Thank you for having a look at this. This failure mode does not happen often, but when it happens, it eventually can bring the JVM down because of memory pressure.

ATTACHMENT

The attachment contains:

tomcat-webserver: an OOB (embedded) Tomcat with a WS endpoint
websockets/tcp-proxy: a TCP proxy, modified to send RST packets - run ProxyMain to start the proxy
websockets/websockets-client: a simple WS client, opening many connections - run SadPath to reproduce the problem
requests_objects.png: a VisualVM screenshot showing stuck objects
web_socket_connection_reset.txt: two stack traces (the first when reproducing the problem with our application, the second when reproducing the problem with tomcat-webserver)
Comment 1 Mark Thomas 2019-09-24 18:36:11 UTC
Please re-test this with the latest 8.5.x release (8.5.46 as I type this) and confirm whether or not this resolves the issue.

If it does not resolve the issue please update the test case and we will investigate.
Comment 2 Francis VAN AEKEN 2019-09-24 21:46:28 UTC
Created attachment 36798 [details]
Application code, using embedded Tomcat 8.5.46
Comment 3 Francis VAN AEKEN 2019-09-24 21:47:19 UTC
We have retested using Tomcat 8.5.46 (new code attached), and could still reproduce the problem, following the steps below.

Start the Tomcat application
Start the proxy
Start the test client (SadPath)
Wait for 20 minutes
Shut down the client
Shut down the proxy
Take a heapdump of the Tomcat application
In the heapdump, observe 100+ instances of each of the classes below

org.apache.coyote.Request
org.apache.catalina.connector.Request
org.apache.coyote.RequestInfo
org.apache.tomcat.websocket.server.WsHandshakeRequest
org.apache.catalina.connector.RequestFacade
Comment 4 Mark Thomas 2019-09-26 19:39:11 UTC
Thanks for the report and the test case.
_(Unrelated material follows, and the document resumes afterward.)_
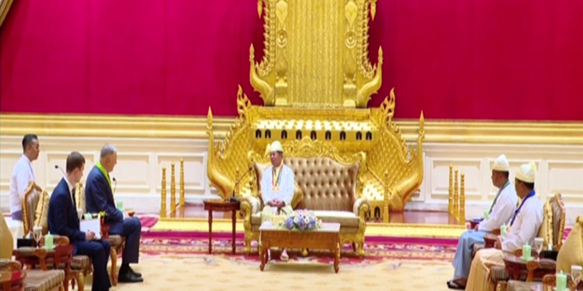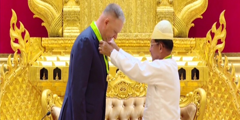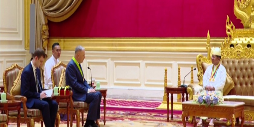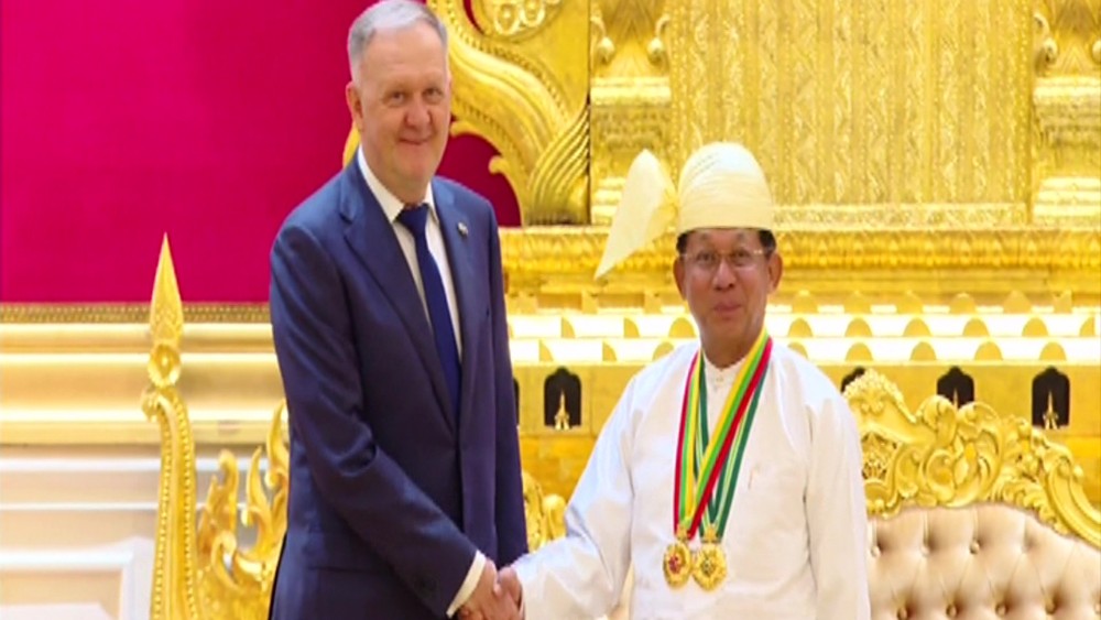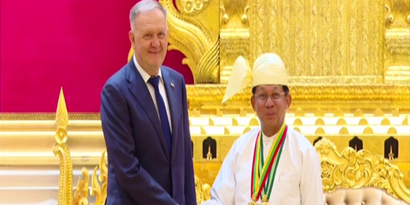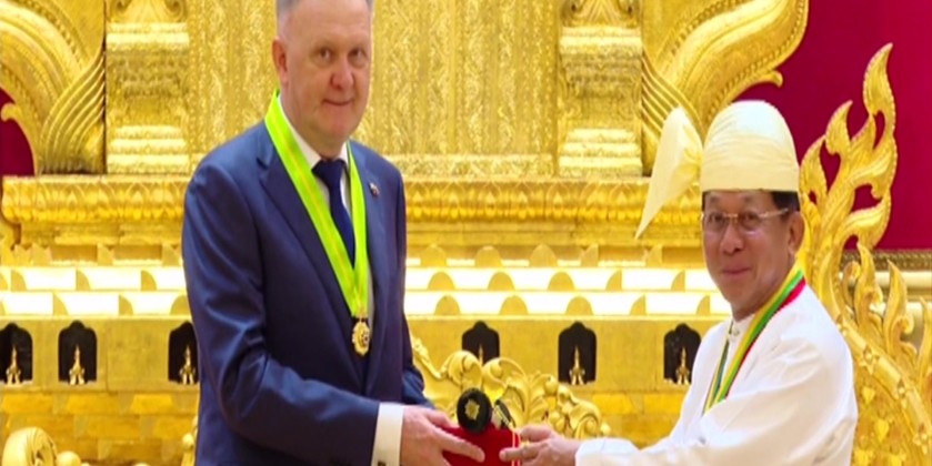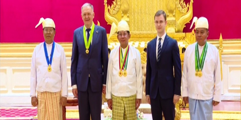 Chairman of the State Administration Council Prime Minister Senior General Thadoe Maha Thayay Sithu Thadoe Thiri Thudhamma Min Aung Hlaing attended a ceremony to confer Wunna Kyaw Htin title to Russian Ambassador to Myanmar Dr. Nikolay Listopadov in Nay Pyi Taw on Friday.

It makes it so much easier to track down and fix bugs when you have this much information to start from.

For the record, it was not what would normally a resource leak. More a failure to clean-up in a timely manner. Given enough (error free) further processing, the objects would have been cleaned up.

Fixed in:
- master for 9.0.27 onwards
- 8.5.x for 8.5.47 onwards
- 7.0.x for 7.0.97 onwards
Comment 5 Francis VAN AEKEN 2019-09-26 21:00:37 UTC
Thank you for addressing this issue so swiftly. We are impressed. Keep up the good work!